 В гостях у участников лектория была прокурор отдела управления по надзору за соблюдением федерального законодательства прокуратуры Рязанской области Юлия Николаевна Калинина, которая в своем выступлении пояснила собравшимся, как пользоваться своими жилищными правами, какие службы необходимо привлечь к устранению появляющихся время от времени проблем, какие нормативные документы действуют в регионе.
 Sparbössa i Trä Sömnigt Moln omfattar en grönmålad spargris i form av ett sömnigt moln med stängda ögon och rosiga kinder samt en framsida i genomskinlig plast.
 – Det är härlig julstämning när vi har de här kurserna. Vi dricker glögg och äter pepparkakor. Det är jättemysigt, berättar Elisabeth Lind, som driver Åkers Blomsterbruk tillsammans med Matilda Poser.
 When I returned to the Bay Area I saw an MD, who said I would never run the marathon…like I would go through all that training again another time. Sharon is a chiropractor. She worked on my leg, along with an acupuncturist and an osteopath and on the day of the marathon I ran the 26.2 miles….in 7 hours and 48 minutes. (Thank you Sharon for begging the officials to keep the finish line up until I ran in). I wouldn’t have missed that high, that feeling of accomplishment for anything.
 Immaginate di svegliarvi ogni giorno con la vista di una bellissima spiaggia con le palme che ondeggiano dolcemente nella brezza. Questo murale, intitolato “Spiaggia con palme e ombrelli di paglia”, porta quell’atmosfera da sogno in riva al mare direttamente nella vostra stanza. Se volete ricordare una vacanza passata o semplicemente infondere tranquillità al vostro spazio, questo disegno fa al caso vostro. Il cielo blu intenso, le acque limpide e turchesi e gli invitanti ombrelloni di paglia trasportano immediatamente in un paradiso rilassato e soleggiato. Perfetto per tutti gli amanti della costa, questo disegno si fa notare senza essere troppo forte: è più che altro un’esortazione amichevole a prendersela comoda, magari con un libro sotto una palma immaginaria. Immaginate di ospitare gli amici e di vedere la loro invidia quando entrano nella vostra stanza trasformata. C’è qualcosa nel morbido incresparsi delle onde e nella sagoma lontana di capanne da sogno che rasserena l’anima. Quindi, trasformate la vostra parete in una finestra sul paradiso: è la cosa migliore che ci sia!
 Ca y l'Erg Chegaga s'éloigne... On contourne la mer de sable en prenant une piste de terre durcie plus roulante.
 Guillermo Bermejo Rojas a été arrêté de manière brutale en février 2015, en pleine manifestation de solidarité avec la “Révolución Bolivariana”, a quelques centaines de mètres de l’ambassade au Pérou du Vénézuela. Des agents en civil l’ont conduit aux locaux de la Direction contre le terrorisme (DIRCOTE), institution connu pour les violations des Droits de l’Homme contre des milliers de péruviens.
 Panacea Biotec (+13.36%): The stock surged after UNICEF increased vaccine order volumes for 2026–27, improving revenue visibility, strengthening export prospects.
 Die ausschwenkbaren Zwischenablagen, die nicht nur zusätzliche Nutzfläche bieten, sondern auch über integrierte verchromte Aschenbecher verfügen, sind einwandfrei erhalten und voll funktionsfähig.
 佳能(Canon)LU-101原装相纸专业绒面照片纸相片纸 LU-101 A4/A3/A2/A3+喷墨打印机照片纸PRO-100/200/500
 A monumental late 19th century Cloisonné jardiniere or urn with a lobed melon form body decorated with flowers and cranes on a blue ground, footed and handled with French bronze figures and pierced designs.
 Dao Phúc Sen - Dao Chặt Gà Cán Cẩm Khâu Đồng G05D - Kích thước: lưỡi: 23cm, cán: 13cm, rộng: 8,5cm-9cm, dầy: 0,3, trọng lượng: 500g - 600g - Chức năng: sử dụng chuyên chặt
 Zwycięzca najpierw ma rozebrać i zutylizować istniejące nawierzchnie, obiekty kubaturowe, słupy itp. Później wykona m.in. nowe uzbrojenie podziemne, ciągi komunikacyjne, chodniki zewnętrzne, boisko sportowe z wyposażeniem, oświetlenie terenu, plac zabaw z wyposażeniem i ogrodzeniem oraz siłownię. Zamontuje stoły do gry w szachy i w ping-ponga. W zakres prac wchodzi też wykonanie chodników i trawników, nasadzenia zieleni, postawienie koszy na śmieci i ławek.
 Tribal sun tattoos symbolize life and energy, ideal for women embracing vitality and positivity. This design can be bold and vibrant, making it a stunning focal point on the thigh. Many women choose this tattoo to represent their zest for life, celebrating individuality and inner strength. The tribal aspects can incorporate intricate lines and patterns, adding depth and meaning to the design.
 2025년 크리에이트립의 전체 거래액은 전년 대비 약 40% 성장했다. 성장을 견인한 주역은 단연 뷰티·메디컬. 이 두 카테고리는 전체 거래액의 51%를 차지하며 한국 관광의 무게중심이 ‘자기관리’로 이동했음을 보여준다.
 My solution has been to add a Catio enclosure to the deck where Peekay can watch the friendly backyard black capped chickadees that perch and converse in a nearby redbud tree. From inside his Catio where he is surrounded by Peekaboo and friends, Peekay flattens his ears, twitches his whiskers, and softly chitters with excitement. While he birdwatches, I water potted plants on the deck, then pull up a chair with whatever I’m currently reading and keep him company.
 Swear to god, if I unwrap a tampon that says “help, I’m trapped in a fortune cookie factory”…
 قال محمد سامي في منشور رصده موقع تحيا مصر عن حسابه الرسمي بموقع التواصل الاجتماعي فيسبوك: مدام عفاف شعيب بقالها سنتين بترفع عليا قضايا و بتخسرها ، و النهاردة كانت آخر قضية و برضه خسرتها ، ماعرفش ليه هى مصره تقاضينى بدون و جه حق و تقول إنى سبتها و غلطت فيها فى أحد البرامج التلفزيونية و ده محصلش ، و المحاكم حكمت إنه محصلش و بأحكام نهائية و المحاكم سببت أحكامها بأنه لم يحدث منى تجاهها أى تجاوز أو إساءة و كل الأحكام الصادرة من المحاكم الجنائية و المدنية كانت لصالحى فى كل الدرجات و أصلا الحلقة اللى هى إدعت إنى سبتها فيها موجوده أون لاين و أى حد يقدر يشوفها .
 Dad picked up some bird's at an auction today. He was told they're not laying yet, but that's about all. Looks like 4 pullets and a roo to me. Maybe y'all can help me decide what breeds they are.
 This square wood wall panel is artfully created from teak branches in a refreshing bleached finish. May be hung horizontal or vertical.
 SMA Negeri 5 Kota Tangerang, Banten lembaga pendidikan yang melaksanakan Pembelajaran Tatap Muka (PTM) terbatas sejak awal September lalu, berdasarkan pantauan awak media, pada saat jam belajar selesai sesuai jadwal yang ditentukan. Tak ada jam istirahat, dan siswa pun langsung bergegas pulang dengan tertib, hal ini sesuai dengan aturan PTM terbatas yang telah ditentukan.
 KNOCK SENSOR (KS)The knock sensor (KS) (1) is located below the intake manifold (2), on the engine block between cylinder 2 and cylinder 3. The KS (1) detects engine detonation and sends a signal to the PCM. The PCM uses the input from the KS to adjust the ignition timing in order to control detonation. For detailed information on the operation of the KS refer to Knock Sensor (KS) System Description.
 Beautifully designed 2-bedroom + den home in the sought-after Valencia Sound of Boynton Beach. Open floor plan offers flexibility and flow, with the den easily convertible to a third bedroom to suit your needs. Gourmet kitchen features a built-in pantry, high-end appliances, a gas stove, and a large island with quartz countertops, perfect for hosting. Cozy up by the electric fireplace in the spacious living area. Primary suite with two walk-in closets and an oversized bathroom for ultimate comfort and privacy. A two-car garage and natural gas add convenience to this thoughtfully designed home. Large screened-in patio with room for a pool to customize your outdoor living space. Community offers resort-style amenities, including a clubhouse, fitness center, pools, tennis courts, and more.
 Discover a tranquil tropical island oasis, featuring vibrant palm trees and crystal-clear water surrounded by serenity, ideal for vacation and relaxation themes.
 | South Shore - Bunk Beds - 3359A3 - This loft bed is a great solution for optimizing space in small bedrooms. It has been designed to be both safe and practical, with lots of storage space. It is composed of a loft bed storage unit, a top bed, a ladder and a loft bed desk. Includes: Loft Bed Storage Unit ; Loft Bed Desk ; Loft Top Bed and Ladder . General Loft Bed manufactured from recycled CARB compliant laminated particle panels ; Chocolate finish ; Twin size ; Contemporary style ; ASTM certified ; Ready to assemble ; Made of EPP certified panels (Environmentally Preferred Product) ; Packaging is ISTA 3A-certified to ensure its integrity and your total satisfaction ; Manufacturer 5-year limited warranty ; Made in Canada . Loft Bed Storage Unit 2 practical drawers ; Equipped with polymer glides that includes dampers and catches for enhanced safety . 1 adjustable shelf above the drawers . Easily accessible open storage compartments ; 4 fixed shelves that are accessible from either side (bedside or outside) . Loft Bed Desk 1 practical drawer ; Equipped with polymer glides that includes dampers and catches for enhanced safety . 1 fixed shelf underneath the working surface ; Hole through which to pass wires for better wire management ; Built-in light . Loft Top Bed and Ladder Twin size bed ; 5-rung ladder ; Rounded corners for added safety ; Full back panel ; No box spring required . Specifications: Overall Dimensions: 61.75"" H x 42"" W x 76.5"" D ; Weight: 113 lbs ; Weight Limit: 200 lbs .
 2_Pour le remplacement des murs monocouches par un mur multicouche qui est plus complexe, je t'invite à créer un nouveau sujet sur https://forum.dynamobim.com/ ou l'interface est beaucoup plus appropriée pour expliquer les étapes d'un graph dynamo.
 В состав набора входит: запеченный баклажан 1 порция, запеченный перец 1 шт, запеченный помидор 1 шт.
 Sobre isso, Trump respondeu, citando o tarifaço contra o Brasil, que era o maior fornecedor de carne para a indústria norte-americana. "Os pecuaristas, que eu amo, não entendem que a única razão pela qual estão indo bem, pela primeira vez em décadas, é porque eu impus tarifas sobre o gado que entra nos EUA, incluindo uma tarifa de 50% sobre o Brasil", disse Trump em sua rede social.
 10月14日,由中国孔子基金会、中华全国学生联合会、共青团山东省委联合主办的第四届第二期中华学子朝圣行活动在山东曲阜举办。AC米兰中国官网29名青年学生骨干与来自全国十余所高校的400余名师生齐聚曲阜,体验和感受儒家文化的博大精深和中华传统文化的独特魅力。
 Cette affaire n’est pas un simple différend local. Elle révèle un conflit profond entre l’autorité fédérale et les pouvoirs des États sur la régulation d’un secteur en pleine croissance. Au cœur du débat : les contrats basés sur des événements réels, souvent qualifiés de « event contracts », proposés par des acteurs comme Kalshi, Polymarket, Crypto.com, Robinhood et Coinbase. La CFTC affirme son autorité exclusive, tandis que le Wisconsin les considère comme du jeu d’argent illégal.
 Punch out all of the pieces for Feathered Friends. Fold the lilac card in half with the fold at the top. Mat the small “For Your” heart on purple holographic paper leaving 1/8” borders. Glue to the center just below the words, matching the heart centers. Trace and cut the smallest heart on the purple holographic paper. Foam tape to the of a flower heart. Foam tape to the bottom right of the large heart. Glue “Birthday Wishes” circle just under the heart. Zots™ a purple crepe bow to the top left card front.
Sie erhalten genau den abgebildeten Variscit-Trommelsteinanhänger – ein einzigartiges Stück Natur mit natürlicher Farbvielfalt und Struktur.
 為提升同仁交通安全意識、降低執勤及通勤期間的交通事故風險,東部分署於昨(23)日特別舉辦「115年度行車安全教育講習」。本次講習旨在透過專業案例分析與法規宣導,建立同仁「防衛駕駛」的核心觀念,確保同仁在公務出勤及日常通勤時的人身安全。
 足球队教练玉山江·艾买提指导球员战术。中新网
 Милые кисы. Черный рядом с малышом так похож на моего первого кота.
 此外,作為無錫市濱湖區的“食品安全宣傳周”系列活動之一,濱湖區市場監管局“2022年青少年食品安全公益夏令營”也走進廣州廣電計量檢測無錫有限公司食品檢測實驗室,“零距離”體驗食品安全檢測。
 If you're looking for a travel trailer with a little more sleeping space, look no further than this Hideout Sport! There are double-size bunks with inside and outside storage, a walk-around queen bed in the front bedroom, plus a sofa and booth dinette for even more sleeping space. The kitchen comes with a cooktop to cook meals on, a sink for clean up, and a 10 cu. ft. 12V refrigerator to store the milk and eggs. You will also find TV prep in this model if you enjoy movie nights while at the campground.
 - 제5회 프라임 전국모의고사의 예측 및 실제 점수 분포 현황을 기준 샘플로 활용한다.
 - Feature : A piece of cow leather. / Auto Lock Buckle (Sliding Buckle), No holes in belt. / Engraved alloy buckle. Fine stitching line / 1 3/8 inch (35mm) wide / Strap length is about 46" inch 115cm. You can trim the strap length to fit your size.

* [Exercise details]: Copy every line of the data that holds the string "about".

* [Answer below]:
 Dad picked up some bird's at an auction today. He was told they're not laying yet, but that's about all. Looks like 4 pullets and a roo to me. Maybe y'all can help me decide what breeds they are.
 - Feature : A piece of cow leather. / Auto Lock Buckle (Sliding Buckle), No holes in belt. / Engraved alloy buckle. Fine stitching line / 1 3/8 inch (35mm) wide / Strap length is about 46" inch 115cm. You can trim the strap length to fit your size.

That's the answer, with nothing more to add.